Un niño se bautiza a los ocho años, no a los diez o a los doce, a menos que las circunstancias así lo exijan; y si buscamos en la sección 68 de Doctrinas y Convenios leemos que el Señor dice:
“Si hubiere en Sión, o en cualquiera de sus estacas organizadas, padres que tuvieren hijos, y no les enseñaren a comprender la doctrina del arrepentimiento, de la fe en Cristo, el hijo del Dios viviente, del bautismo y del don del Espíritu Santo por la imposición de manos,… el pecado recaerá sobre las cabezas de los padres.” (Vers. 25.)
No es suficiente con mandarlos a la Primaria y a la Escuela Dominical, sino que necesitan recibir una capacitación más concreta y deben saber que el Evangelio es verdadero y que hay requisitos que ellos también deben cumplir.
Los padres tienen que enseñarles a comprender. No es suficiente con que el niño escuche acerca de estas cosas tan importantes; debe entender el significado del bautismo y por qué él es bautizado; también de las promesas que hace al recibir esta ordenanza. Si los padres no cumplen con esta responsabilidad, el pecado recaerá sobre ellos.
Vosotros sois los padres en las estacas de esta área y esperamos que estéis llevando a cabo la noche de hogar y que nunca dejéis de hacerlo; y nótese que he dicho “nunca”. La noche de hogar debe constituir un aspecto fundamental en la vida de vuestra familia, pues allí dais a vuestros hijos la oportunidad de aprender para qué se bautizan, por qué los sumergen en el agua, y en esa forma se convierten a estas ordenanzas básicas del Evangelio.
He oído decir a muchas personas: “Ah, de eso no me voy a preocupar. . . Cuando los chicos crezcan si desean unirse a la Iglesia lo harán”. Más esa no fue la instrucción que se le dio a Adán, ni a sus hijos o a su numerosa posteridad.
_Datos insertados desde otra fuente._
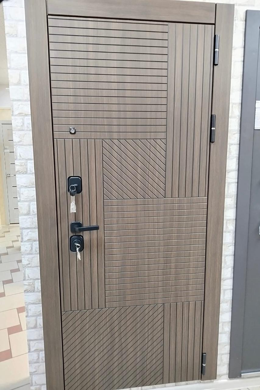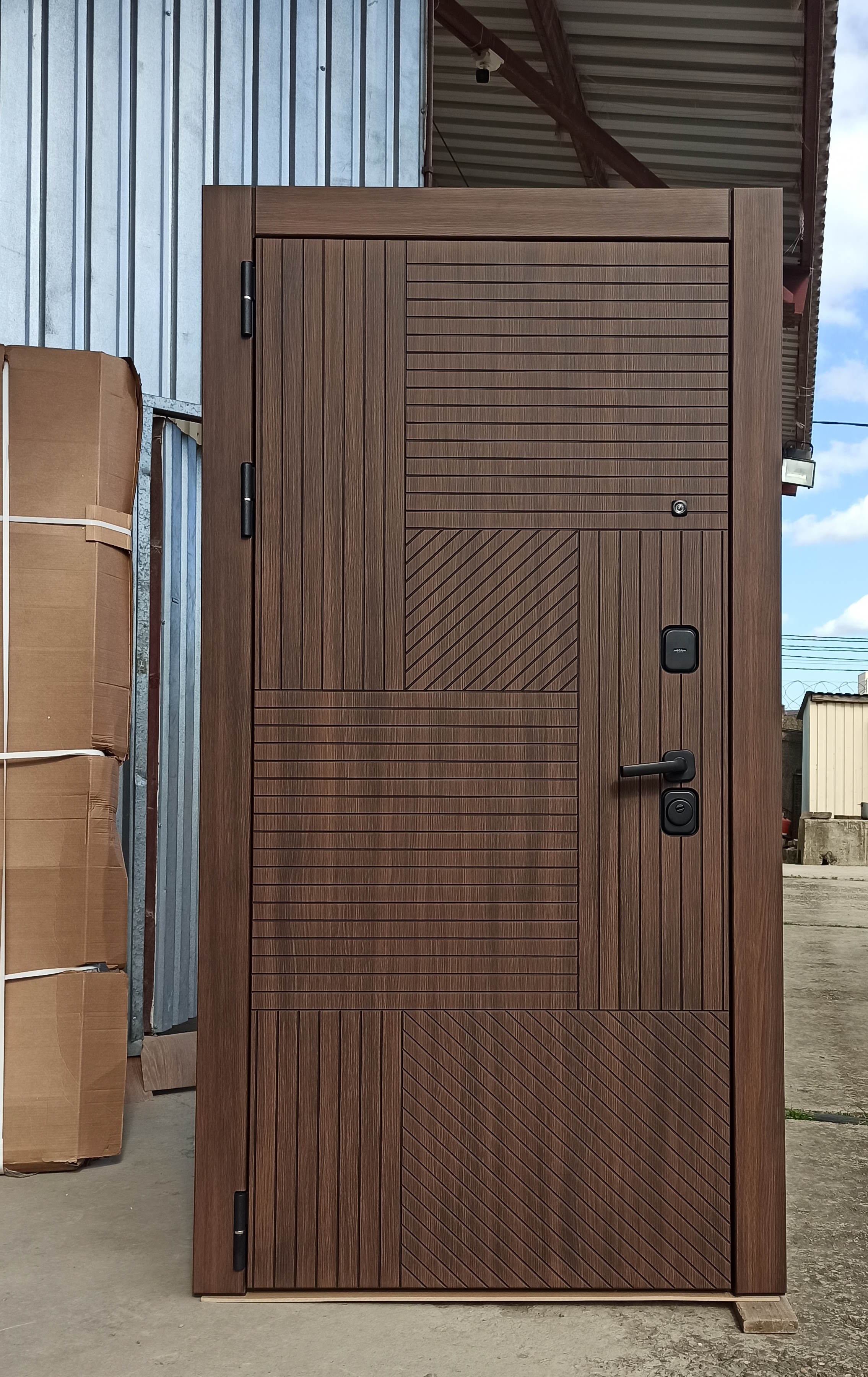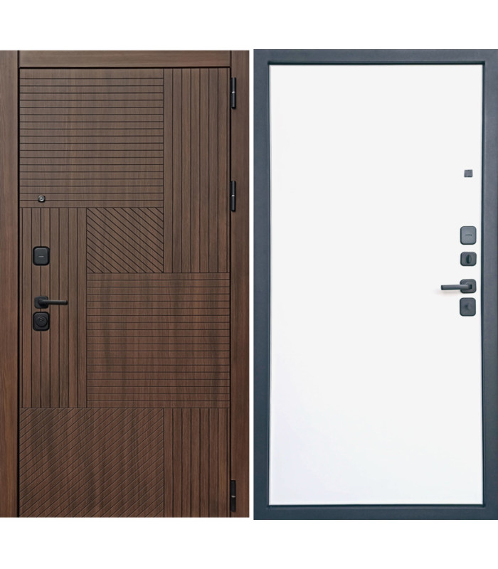 Металлическая входная дверь Браун Отделка снаружи: панель МДФ 10мм, пленка орех, патина черная Отделка внутри: панель МДФ 10 мм, пленка орех, патина черная Толщина двери 110 мм. Дверь имеет закрытый утепленный короб, эксцентрик Наполнитель: Базальтовая плита Двери в наличии на складе с правым и левым открыванием. Фурнитура хром, независимая ночная задвижка Дверь имеет 3 контура уплотнения На двери установлены замки Гардиан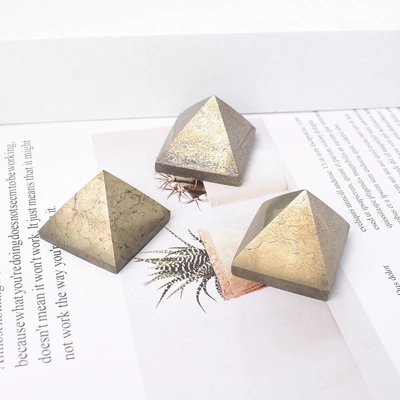 Eleva tu espacio y energía con esta pirámide de cristal de pirita natural pulida. Conocida como el "oro de los tontos", la pirita irradia energía protectora y estabilizadora, además de ser una magnífica pieza decorativa para tu hogar, oficina o espacio sagrado. Ideal para la sanación de chakras, el Reiki y las prácticas de Feng Shui.

El Señor dijo que era necesario que se les enseñara y capacitara en justicia, porque de otra manera “¿Por qué me llamáis, Señor, Señor, y no hacéis lo que yo digo?”
Por cierto que no hay padre que esté tan ocupado como para no poder pasar un brazo sobre los hombros de su hijo y decirle: “Te quiero con todo mi corazón, y deseo que hagas las cosas que el Señor ha mandado”.
Cuando el niño es bautizado y confirmado, el paso que sigue, tal como lo indicó el élder Packer, es la ordenación. Pero, ordenación ¿a qué?; ordenación al Sacerdocio de Dios. A los doce años de edad se le ordena diácono. Durante los cuatro años que van desde su bautismo hasta el momento de recibir el Sacerdocio Aarónico, el jovencito aprende todo lo concerniente al deber de un diácono, y qué es lo que se espera dé él como tal. No creo que haya ningún padre que diga: “Bueno, de aquí a que sea ordenado diácono hay tiempo”.
La responsabilidad del padre es enseñar a sus hijos ahora, no mañana. De esta manera, cuando el jovencito recibe el oficio de diácono llega a gozar esa sagrada experiencia.
Cuando fui llamado a servir como apóstol, uno de los primeros deberes que se me asignaron fue el de repartir el sacramento a los profetas, a todos los profetas que se encontraban reunidos en el Templo de Saint George. A menudo pienso en el gran honor que me concedieron, de repartir la Santa Cena entre esos hombres que eran líderes del reino.
El jovencito comienza su servicio como diácono siendo activo en todas sus asignaciones. Recuerdo que cuando yo era un diácono, mi padre me dio permiso para que llevara la carreta tirada por un caballo a fin de poder ir con mi compañero a recoger las ofrendas de ayuno entre los miembros del barrio, y entregarlas al obispo. Aquél no fue un mero episodio sino que resultó una gran experiencia. Siempre hice saber a mi padre lo agradecido que estaba por tener ese privilegio.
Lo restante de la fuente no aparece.